* [Exercise objective]:
Only the lines from the start of the entries through the line with "Paard met blauw masker" should be returned, each exactly as it stands, and no pictures.

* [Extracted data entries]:
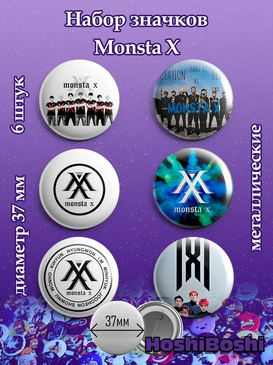 Набор из 6 металлических значков с изображениями с Кей-Поп группой Монста Икс ( Monsta X ).
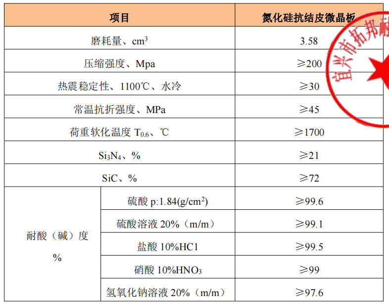 從以上數(shù)據(jù)可以看出,氮化硅微晶板具有高抗磨、高強(qiáng)度、耐侵蝕、抗結(jié)皮等性能,可廣泛使用于水泥窯煙室、五級下料管等易結(jié)皮、須耐磨部位。
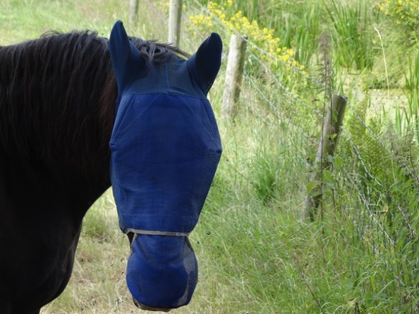 Paard met blauw masker
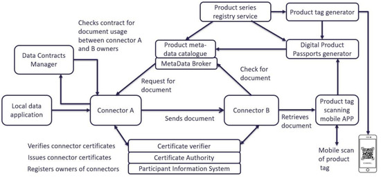 The components of the architecture are shown in Figure 4 in their relationship to each other, and how they would sit in terms of IT servers across information providers, consumers and the circular CRM supply management platform cloud. The user interactions within the architecture are foreseen at three levels: a standard centralized user interface to setup the product model registration and public digital product passport information structures and to verify connectors that are exposed; a decentralized interface at the connector level to setup connectors and associated applications and to provide for data policies that are stored in the data contracts manager, to set access conditions to the provided information through a connector; and a decentralized mobile application interface to scan the product tag to access the Digital Product Passport at the related URL as an entry point. Different decisions-making routes can then be built through the architecture, such as to identify the organization types or roles that can access particular documents through the connector data policies. New applications can be built with a connector to link to the data space to obtain and process available data, and information entry can be made possible from a mobile application that can read the Digital Product Passport or write to it given an authorization procedure to update the product life cycle information. The approach allows for storing data de-centrally at the data provider side enabling data sovereignty, as well as centrally in a Digital Product Passport data-store, and mixing these approaches. It allows for creating visibility on who owns a particular dataset in a structured manner, and logging product life cycle stages with timestamps to enhance product life cycle transparency.
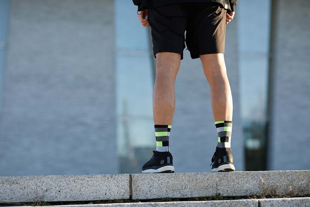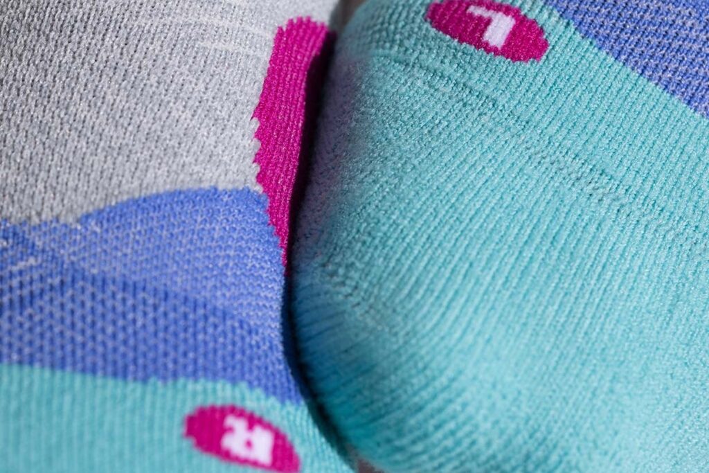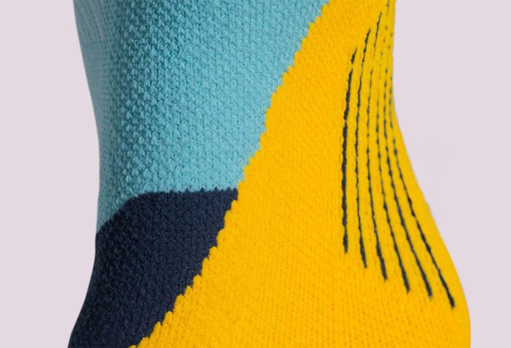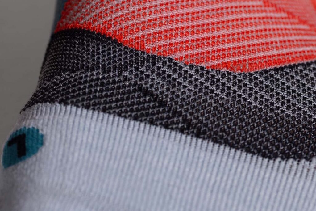 続いては、ソックスの厚み。これもランナーの動作に応じて快適性が担保されるように考慮されている。甲部分は速乾性に優れたナイロン糸、つま先部分はゴワつきを感じないシームレス仕様。カカト部はズレを防止する立体構造ときめ細かいつくり。

* [Answer box]:
 Набор из 6 металлических значков с изображениями с Кей-Поп группой Монста Икс ( Monsta X ).
 從以上數(shù)據(jù)可以看出,氮化硅微晶板具有高抗磨、高強(qiáng)度、耐侵蝕、抗結(jié)皮等性能,可廣泛使用于水泥窯煙室、五級下料管等易結(jié)皮、須耐磨部位。
 Paard met blauw masker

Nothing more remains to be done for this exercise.